# Predicting utilization of medical services: achieving equalized coverage

This tutorial demonstrates how to use the equalized coverage software package [1]. We also show that usual (marginal) conformal methods do not attain equal coverage across the two groups under study: non-white and white individuals. Then, we compare the performance of joint vs. groupwise model fitting and show that, in this example, the former yields shorter predictive intervals. Follow the instructions in `cqr/get_meps_data/` folder to download the data set.

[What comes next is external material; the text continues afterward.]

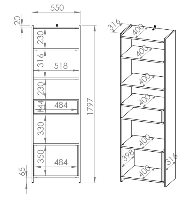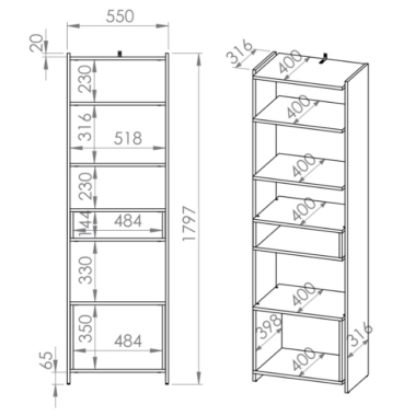 Riiul Tris 02 (55/40/179,7)
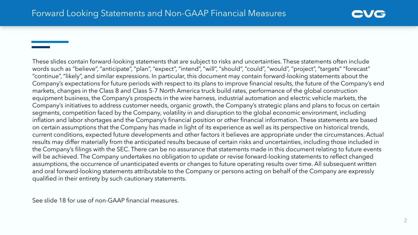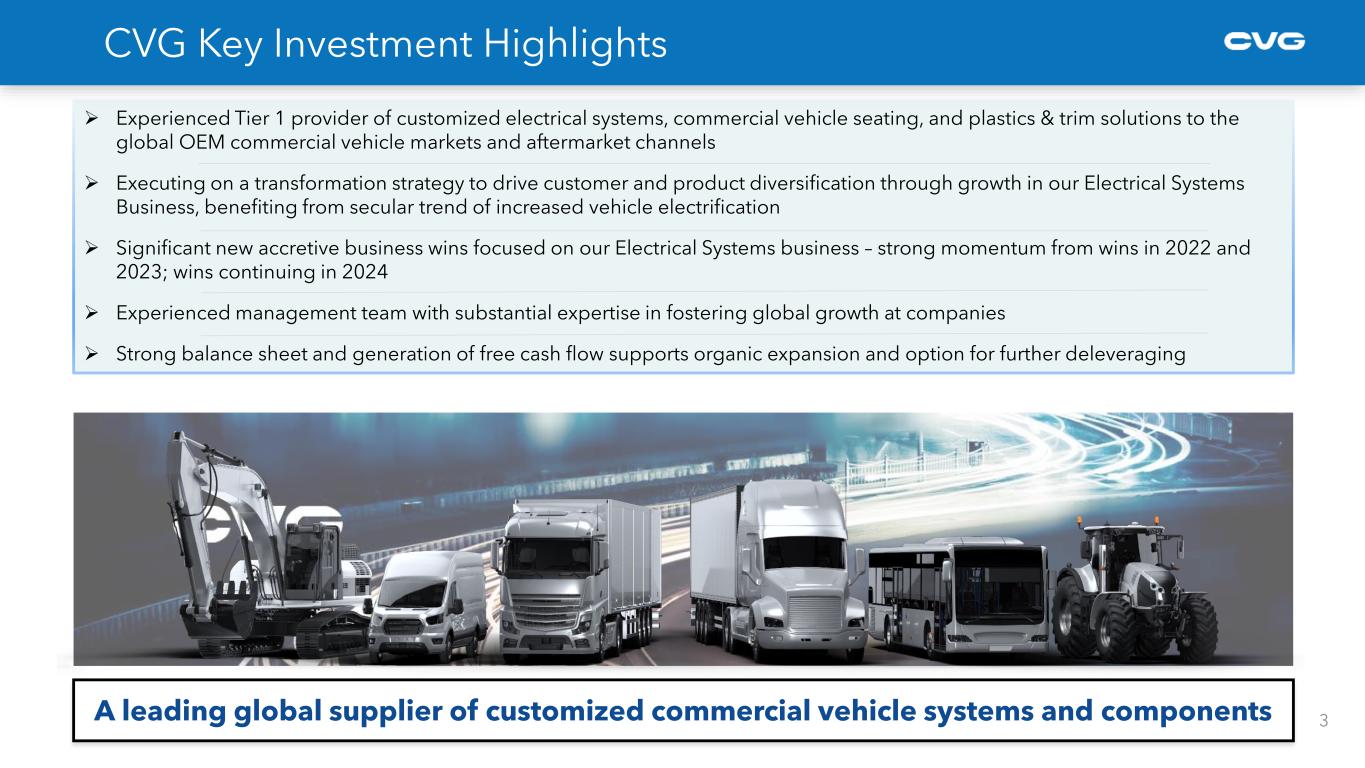 2 Forward Looking Statements and Non-GAAP Financial Measures These slides contain forward-looking statements that are subject to risks and uncertainties. These statements often include words such as “believe”, “anticipate”, “plan”, “expect”, “intend”, “will”, “should”, “could”, “would”, “project”, “targets” “forecast” “continue”, “likely”, and similar expressions. In particular, this document may contain forward-looking statements about the Company’s expectations for future periods with respect to its plans to improve financial results, the future of the Company’s end markets, changes in the Class 8 and Class 5-7 North America truck build rates, performance of the global construction equipment business, the Company’s prospects in the wire harness, industrial automation and electric vehicle markets, the Company’s initiatives to address customer needs, organic growth, the Company’s strategic plans and plans to focus on certain segments, competition faced by the Company, volatility in and disruption to the global economic environment, including inflation and labor shortages and the Company’s financial position or other financial information. These statements are based on certain assumptions that the Company has made in light of its experience as well as its perspective on historical trends, current conditions, expected future developments and other factors it believes are appropriate under the circumstances. Actual results may differ materially from the anticipated results because of certain risks and uncertainties, including those included in the Company’s filings with the SEC. There can be no assurance that statements made in this document relating to future events will be achieved. The Company undertakes no obligation to update or revise forward-looking statements to reflect changed assumptions, the occurrence of unanticipated events or changes to future operating results over time. All subsequent written and oral forward-looking statements attributable to the Company or persons acting on behalf of the Company are expressly qualified in their entirety by such cautionary statements. See slide 18 for use of non-GAAP financial measures.

Please refer to `prediction_bias_example.ipynb` for more details about this data set. Also, please check the tutorials `cqr_real_data_example.ipynb` and `cqr_synthetic_data_example.ipynb` that illustrate how to construct marginal prediction intervals using CQR and conformal prediction.

[1] Y. Romano, R. F. Barber, C. Sabbatti and E. J. Candès. "With malice towards none: Assessing uncertainty via equalized coverage." 2019.

## MEPS data set

The Medical Expenditure Panel Survey (MEPS) 2016 data set, provided by the Agency for Healthcare Research and Quality, contains information on individuals and their utilization of medical services. The features used for modeling include age, marital status, race, poverty status, functional limitations, health status, health insurance type, and more. The goal is to predict the health care system utilization of each individual; a score that reflects the number of visits to a doctor’s office, hospital visits, etc. After removing observations with missing entries, there are $n=15656$ observations on $p=139$ features. We set the sensitive attribute $A$ to \textbf{race}, with $A=0$ for non-white and $A=1$ for white individuals, resulting in $n_0=9640$ samples for the first group and $n_1=6016$ for the second.

## Equalized Coverage

Let $\{(X_i, A_i, Y_i)\}$, $i = 1, \ldots, n$, be some training data where the vector $X_i \in \mathbb{R}^p$ may contain the sensitive attribute $A_i \in \{0,1,2,\dots\}$ as one of the features. Imagine we hold a test point with known $X_{n+1}$ and $A_{n+1}$ and aim to construct a prediction interval $C(X_{n+1},A_{n+1}) \subseteq \mathbb{R}$ which contains the unknown response $Y_{n+1} \in \mathbb{R}$ with probability at least $1-\alpha$ on average within each group; here, $0 < 1-\alpha < 1$ is a desired coverage level. Formally, we assume that the training and test samples $ \{(X_i,A_i,Y_i)\}_{i=1}^{n+1} $ are drawn exchangeably from some arbitrary and unknown distribution $P_{XAY}$, and we wish that our  prediction interval obeys the following property
$$\mathbb{P}\{Y_{n+1} \in C(X_{n+1},A_{n+1}) \mid A_{n+1}=a\} \geq 1-\alpha$$
for all $a$. The probability is taken over the $n$ training samples and the test case. 
The probability statement above must hold for any distribution $P_{XAY}$, sample size $n$, and regardless of the group identifier $A_{n+1}$. (While this only ensures that coverage is at least $1-\alpha$ for each group---and, therefore, the groups may have unequal coverage level---we show in our paper that under mild conditions the coverage can also be upper bounded to lie very close to the target level $1-\alpha$.)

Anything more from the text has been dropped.